Presidente Xi diz que China não é expansionista, mas não desistirá de territórios históricos

27/06/2018 10h25

Pequim, 27 Jun 2018 (AFP) - A China não seguirá o caminho do expansionismo, e tampouco abandonará um centímetro sequer de seu território histórico, afirmou nesta quarta-feira, em Pequim, o presidente chinês Xi Jinping ao secretário americano da Defesa, Jim Mattis, em um contexto de tensões entre as duas potências.

"Não seguiremos o caminho do expansionismo nem do colonialismo, mas não podemos abandonar uma polegada do território que nossos antepassados deixaram", declarou Xi depois de uma reunião com Mattis, de acordo com a agência estatal Xinhua.

A China reivindica a quase totalidade do Mar da China meridional, opondo-se às aspirações dos países vizinhos, o que gera, além disso, grandes tensões com Washington.

De acordo com o governo dos Estados Unidos, a China deslocou em maio baterias de mísseis e sistemas de interferência eletrônica nas ilhas do Mar da China Meridional.

O Pentágono reagiu com a retirada de um convite a Pequim para participar no "Rim of the Pacific" (Rimpac), exercícios navais que a cada dois anos reúnem quase 30 países.

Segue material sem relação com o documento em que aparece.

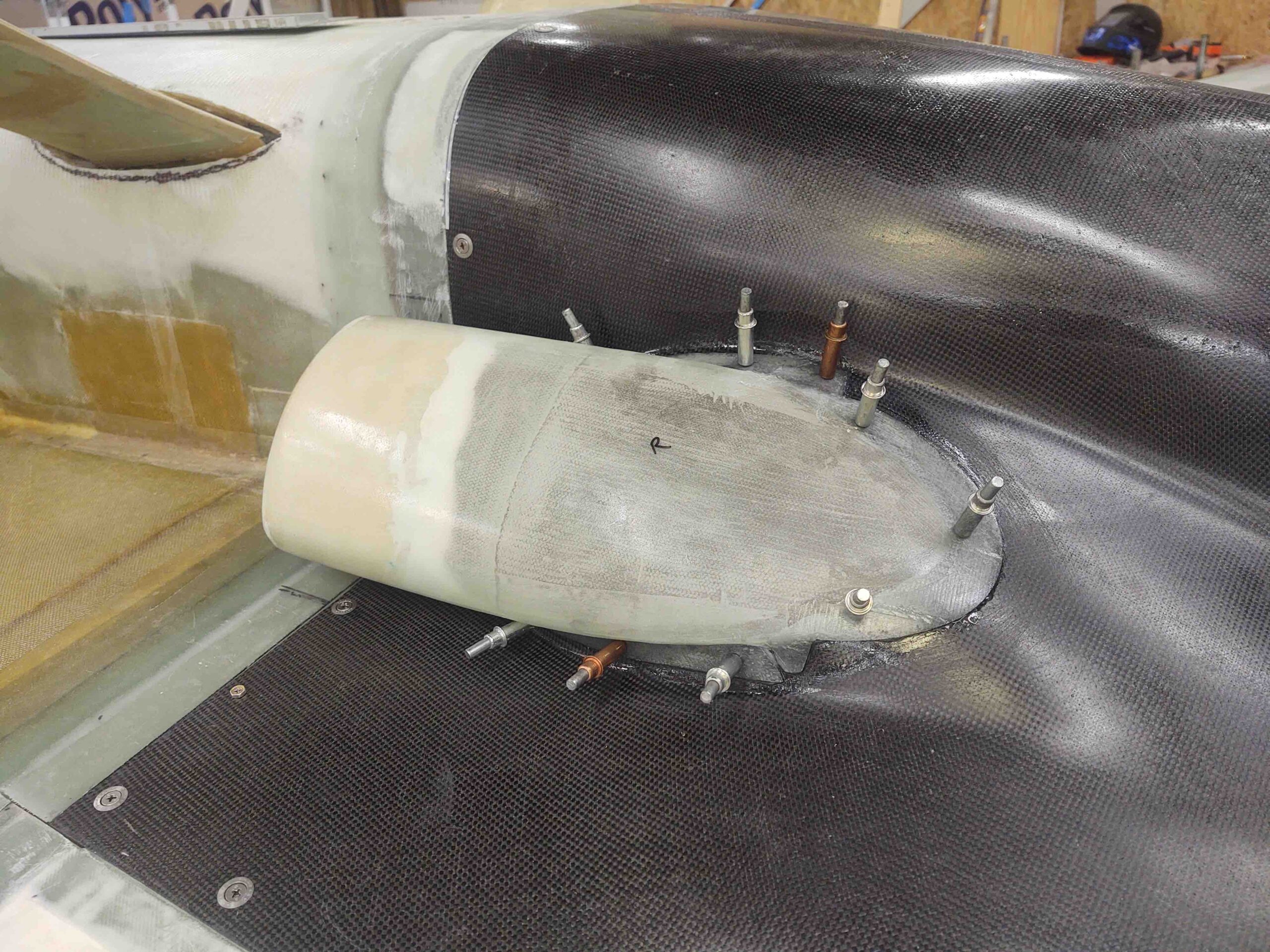 Cowling right armpit air scoop floxed & clecoed in place Published 24 June, 2021 at 2560 × 1920 in Cowling right armpit air scoop floxed & clecoed in place
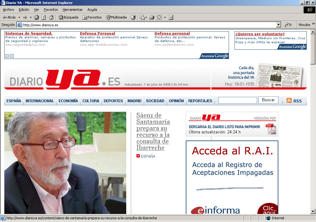 La sociedad española recupera hoy una cabecera histórica de la prensa nacional. El diario YA, que desapareció de los quioscos a finales de los ´90, renace hoy de sus cenizas en Internet, el nuevo mundo (aún sin explorar del todo) de las comunicaciones humanas.

Outro tema de divergência é Taiwan, ilha que rompeu politicamente com Pequim após o fim da guerra civil chinesa em 1949 e importante aliado dos Estados Unidos, apesar da ausência de relações diplomáticas. A China reivindica a soberania do território.

Antes, Mattis se reuniu nesta quarta-feira com seu colega chinês para buscar áreas de cooperação.

Em sua viagem, a primeira de um secretário de Defesa americano a China desde 2014, Mattis foi recebido na sede do Exército Popular de Libertação (EPL) por uma guarda de honra e uma banda militar que tocou os hinos dos dois países.

O ministro da Defesa da China, Wei Fenghe, celebrou a visita "crucial para aumentar a confiança estratégica bilateral devido ao peso das opiniões de Mattis nos círculos diplomáticos e militares de Washington".

Mattis também fará escalas em Seul e Tóquio para tranquilizar os aliados depois da decisão de Washington de suspender as tradicionais manobras militares conjuntas com a Coreia do Sul na região.